Excerpted data
+ + +

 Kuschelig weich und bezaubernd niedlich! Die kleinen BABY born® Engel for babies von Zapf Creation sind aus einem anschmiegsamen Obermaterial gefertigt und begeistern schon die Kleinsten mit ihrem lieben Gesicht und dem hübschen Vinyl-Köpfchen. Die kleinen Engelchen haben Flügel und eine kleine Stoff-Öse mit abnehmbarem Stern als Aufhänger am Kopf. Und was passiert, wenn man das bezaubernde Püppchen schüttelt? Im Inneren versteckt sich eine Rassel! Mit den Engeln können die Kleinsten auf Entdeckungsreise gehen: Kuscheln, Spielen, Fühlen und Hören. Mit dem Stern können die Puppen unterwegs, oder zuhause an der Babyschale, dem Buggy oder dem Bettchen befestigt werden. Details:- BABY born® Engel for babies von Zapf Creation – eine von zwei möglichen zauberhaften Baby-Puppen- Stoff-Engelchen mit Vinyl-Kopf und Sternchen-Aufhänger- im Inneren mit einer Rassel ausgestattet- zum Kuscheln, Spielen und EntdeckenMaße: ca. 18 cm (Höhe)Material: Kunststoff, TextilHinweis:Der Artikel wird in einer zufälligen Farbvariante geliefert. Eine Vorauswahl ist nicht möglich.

+ + +

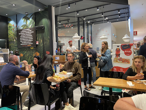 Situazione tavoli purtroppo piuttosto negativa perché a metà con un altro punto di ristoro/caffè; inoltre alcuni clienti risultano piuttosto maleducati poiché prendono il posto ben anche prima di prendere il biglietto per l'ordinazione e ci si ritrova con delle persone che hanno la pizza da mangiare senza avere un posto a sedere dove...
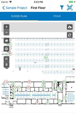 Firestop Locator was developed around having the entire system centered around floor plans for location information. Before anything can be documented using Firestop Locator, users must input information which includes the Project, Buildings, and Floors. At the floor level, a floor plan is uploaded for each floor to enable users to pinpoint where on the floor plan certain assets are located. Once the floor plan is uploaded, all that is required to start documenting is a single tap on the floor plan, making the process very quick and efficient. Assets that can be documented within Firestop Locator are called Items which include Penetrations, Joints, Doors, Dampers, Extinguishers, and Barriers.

+ + +

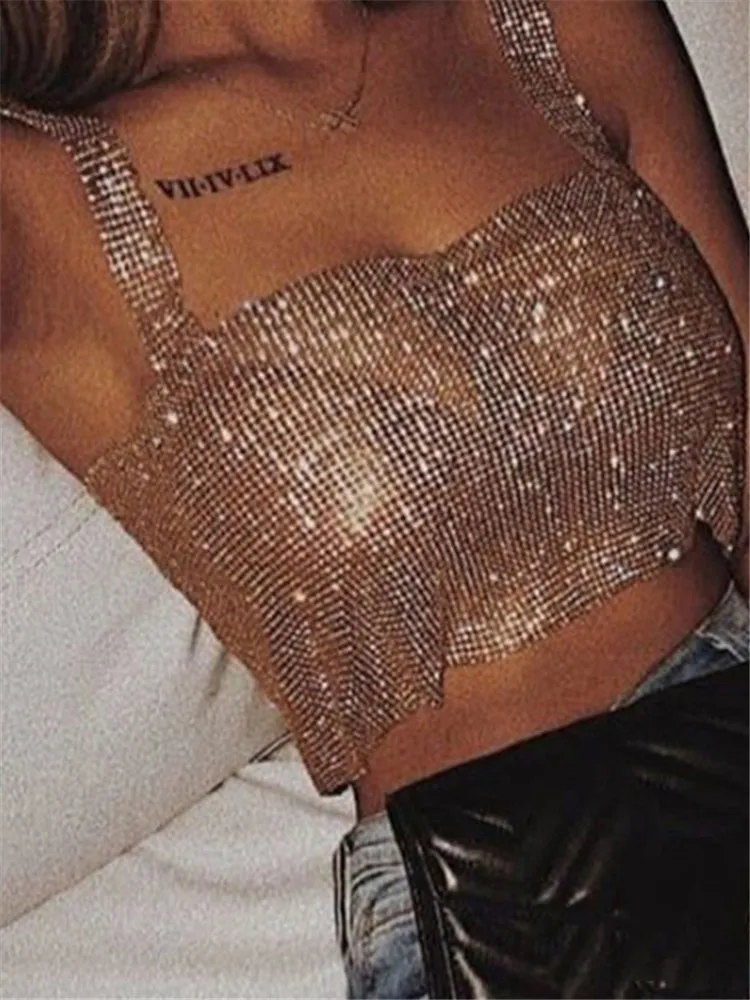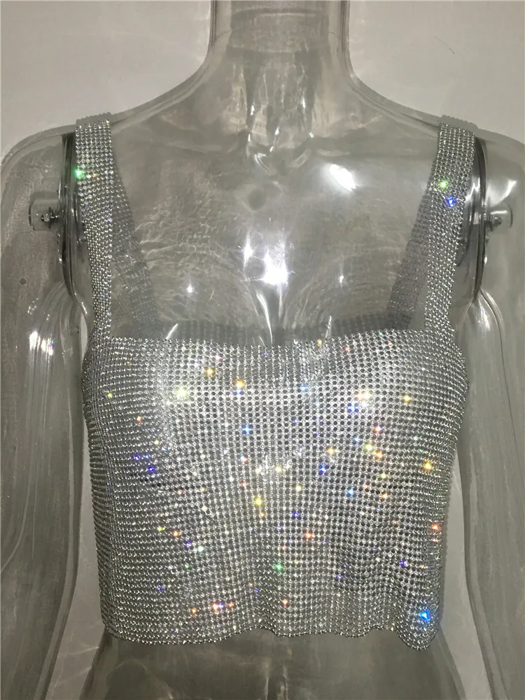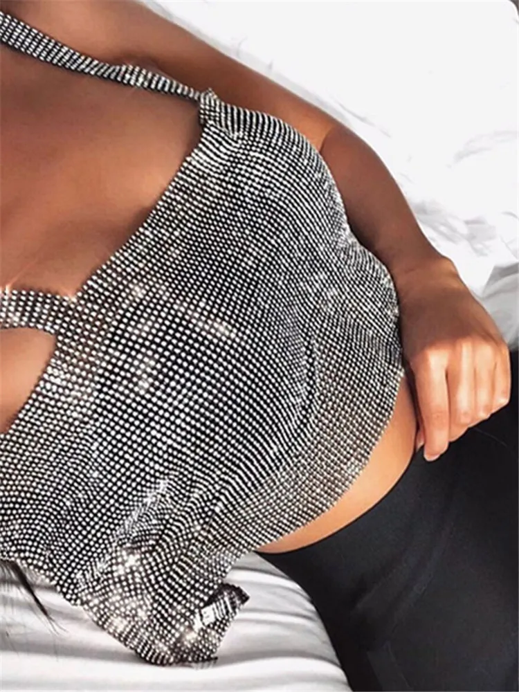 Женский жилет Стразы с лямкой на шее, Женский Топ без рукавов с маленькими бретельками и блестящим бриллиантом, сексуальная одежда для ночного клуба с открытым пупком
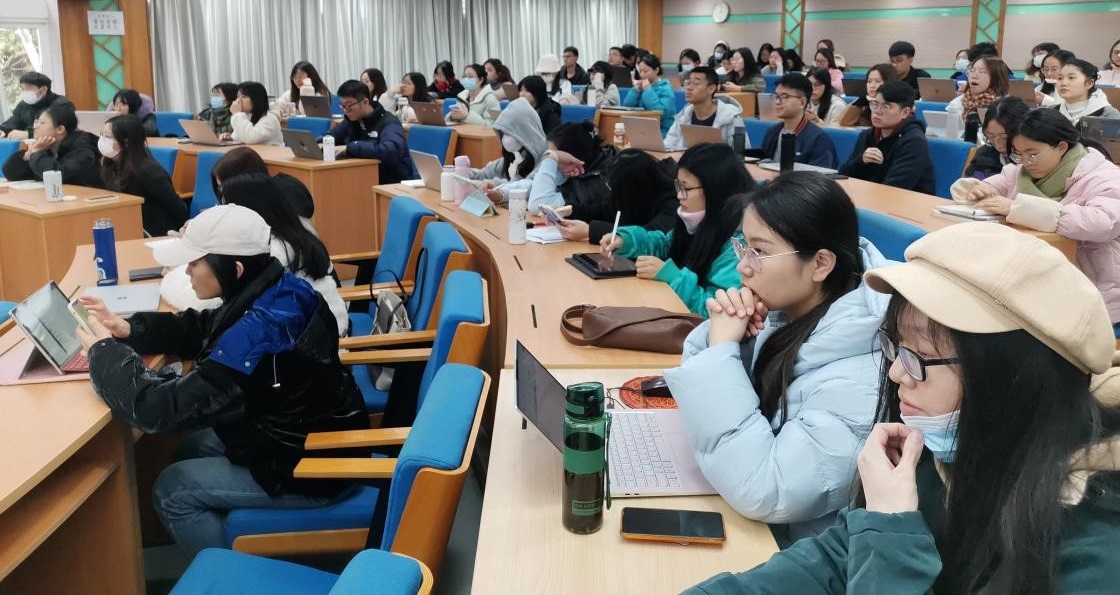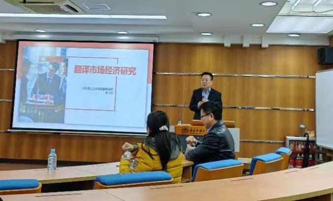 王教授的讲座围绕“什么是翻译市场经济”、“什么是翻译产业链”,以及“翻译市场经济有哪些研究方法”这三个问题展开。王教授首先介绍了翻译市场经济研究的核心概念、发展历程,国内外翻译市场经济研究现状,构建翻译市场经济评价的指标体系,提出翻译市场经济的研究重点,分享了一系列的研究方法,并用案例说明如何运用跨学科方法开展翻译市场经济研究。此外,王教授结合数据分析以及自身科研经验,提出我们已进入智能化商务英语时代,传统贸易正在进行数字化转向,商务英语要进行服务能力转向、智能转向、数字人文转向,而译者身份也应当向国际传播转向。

+ + +

Aim of the task
Exactly as written above, retype the lines starting at the one holding "Situazione tavoli purtroppo" and ending at the one holding "Firestop Locator was", both included, but not the pictures.

Solution for this problem
 Situazione tavoli purtroppo piuttosto negativa perché a metà con un altro punto di ristoro/caffè; inoltre alcuni clienti risultano piuttosto maleducati poiché prendono il posto ben anche prima di prendere il biglietto per l'ordinazione e ci si ritrova con delle persone che hanno la pizza da mangiare senza avere un posto a sedere dove...
 Firestop Locator was developed around having the entire system centered around floor plans for location information. Before anything can be documented using Firestop Locator, users must input information which includes the Project, Buildings, and Floors. At the floor level, a floor plan is uploaded for each floor to enable users to pinpoint where on the floor plan certain assets are located. Once the floor plan is uploaded, all that is required to start documenting is a single tap on the floor plan, making the process very quick and efficient. Assets that can be documented within Firestop Locator are called Items which include Penetrations, Joints, Doors, Dampers, Extinguishers, and Barriers.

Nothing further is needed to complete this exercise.